As of April 2024, typical monthly prices for combined internet and telephone service start at about €25 for ADSL2+ (16 Mbit/s down, 1 Mbit/s up) and €30 for VDSL2 (50 Mbit/s down, 10 Mbit/s up).

Major nationwide DSL providers include:
- Deutsche Telekom
  - Congstar
- 1&1
- Vodafone
- o2
- Versatel

Deutsche Telekom and Vodafone also offer DSL-based triple-play bundles with IPTV, which generally require at least 16 Mbit/s for HD quality.

Since 2013, all newly deployed Deutsche Telekom VDSL2 nodes have supported G.vector technology. In August 2014, vectored VDSL2 service with up to 100 Mbit/s downstream and 40 Mbit/s upstream became available. Existing deployments in major cities were upgraded to G.vector in 2016. Deutsche Telekom introduced a 500 Mbit/s service in September 2017, with an initial monthly price of €119.95.

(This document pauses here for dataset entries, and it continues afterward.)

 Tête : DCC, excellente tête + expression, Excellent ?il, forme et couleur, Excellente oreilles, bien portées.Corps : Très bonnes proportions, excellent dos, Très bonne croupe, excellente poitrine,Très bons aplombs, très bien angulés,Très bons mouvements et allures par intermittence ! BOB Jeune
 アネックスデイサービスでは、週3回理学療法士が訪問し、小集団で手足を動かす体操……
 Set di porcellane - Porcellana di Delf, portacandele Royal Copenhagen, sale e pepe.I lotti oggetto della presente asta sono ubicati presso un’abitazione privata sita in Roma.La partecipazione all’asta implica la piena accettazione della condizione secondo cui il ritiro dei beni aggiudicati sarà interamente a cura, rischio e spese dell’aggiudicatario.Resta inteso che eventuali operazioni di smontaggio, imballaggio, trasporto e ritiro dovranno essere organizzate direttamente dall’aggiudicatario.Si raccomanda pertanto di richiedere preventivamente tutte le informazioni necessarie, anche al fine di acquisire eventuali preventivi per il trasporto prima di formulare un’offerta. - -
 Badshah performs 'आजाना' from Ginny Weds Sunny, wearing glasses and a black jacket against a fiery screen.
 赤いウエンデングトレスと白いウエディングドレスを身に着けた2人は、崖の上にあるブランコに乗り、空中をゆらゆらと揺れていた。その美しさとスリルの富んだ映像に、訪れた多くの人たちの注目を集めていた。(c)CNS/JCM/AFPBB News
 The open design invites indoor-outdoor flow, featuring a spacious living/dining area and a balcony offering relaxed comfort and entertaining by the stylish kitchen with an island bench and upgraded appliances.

Symmetric DSL (SDSL), based on G.shdsl technology, is marketed primarily to business customers. Providers offering SDSL include Deutsche Telekom, QSC, and Versatel.

== Cable ==
According to Statista, Vodafone, Germany's largest cable internet provider, had 7.65 million cable internet customers at the end of Q2 2020. Although this figure is significantly lower than the number of DSL customers, it has increased in recent years, likely due to higher maximum speeds and comparatively low prices.

Cable internet is offered by Kabel Deutschland and Unitymedia (operating in different regions), both of which are now owned by Vodafone. Other providers with more limited coverage include Tele Columbus’s subsidiary, PYUR. Since November 2014, Unitymedia and Kabel Deutschland have offered connections with downstream speeds of up to 200 Mbit/s. Unitymedia introduced 400 Mbit/s connections in January 2016, and Vodafone Kabel Deutschland followed in June 2016.

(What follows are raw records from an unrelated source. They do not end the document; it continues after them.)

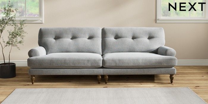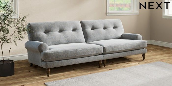 7.2.10 Erin Buttoned Back Deep Relaxed Sit 4 Seater Large Sofa Chunky Marl Mid Grey High Classic Turned - Mid | Made Click here to use our website with more accessibility support, for example screen readers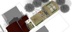 The creation of a courtyard between the old and new buildings is part of the plan for the center, acting as a piazza-inspired gathering point for recreational and cultural activities for the whole community. The piazza will include the striking, multifunctional architectural feature of a rotating steel frame connected to the new building within a triangular shaped light structure that can be used as a support for a film screen, as well art installations or banners. Staged performance events, such as dance or theater works, can utilize the frame as sort of sculptural, abstract proscenium. The paving of the square adjacent the building is divided into five, inclined triangular sections designed to integrate raised bed planters for vegetable and herb gardens. It can be occasionally covered with a lid surface to accommodate audience members during events or just for weather protection. It will also channel and collect rainwater in an underground water tank -- water which can serve the whole center and irrigate the garden.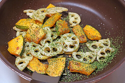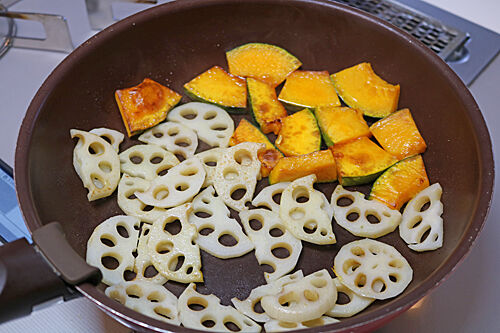 フライパンでパパっとれんこんとかぼちゃを

As of January 2021, both companies offer cable internet with downstream speeds of up to 1000 Mbit/s. Prices start at €49.99 per month from Vodafone and €88 per month from PYUR (excluding temporary discounts for new customers). Vodafone reports the widest nationwide availability for gigabit connections, reaching 22 million households as of 2021. Upload speeds of up to 50 Mbit/s are also offered. These services use DOCSIS 3.1 with backward compatibility for EuroDOCSIS 3.0. Vodafone has announced plans for DOCSIS 4.0 field tests, supporting up to 10 Gbit/s downstream and 6 Gbit/s upstream, once new hardware becomes available.

Cable internet is currently the most widely available form of gigabit access for residential customers, although fiber-optic connections can provide comparable or faster speeds in an expanding but still geographically limited number of regions.

== Alternative technologies ==
While DSL and cable are the predominant internet access technologies in Germany, other options may offer lower prices, wider availability, or higher speeds.

=== FTTH and FTTB ===
Deutsche Telekom began offering FTTH/FTTB in selected regions in 2011, with speeds of up to 200 Mbit/s downstream and 100 Mbit/s upstream. As of January 2014, Deutsche Telekom FTTH was available in about 884,000 households, priced at €55 for 100/50 Mbit/s and €60 for 200/100 Mbit/s service.

Regional providers also offer FTTH/FTTB, including M-Net in Munich, wilhelm.tel in Hamburg, NetCologne in Cologne, and NetAachen in Aachen. Since late 2018, additional providers, including Vodafone, Deutsche Telekom, Greenfiber, Deutsche Glasfaser, and 1&1, have expanded fiber availability. As of May 2021, fiber networks in some regions offered speeds of up to 10,000 Mbit/s.

=== Satellite ===
Satellite internet is more widely available than land-based technologies. In areas without DSL, cable, or FTTx coverage, satellite and UMTS/LTE are the primary options for broadband access. Unlike UMTS/LTE, satellite internet providers typically offer flat-rate plans.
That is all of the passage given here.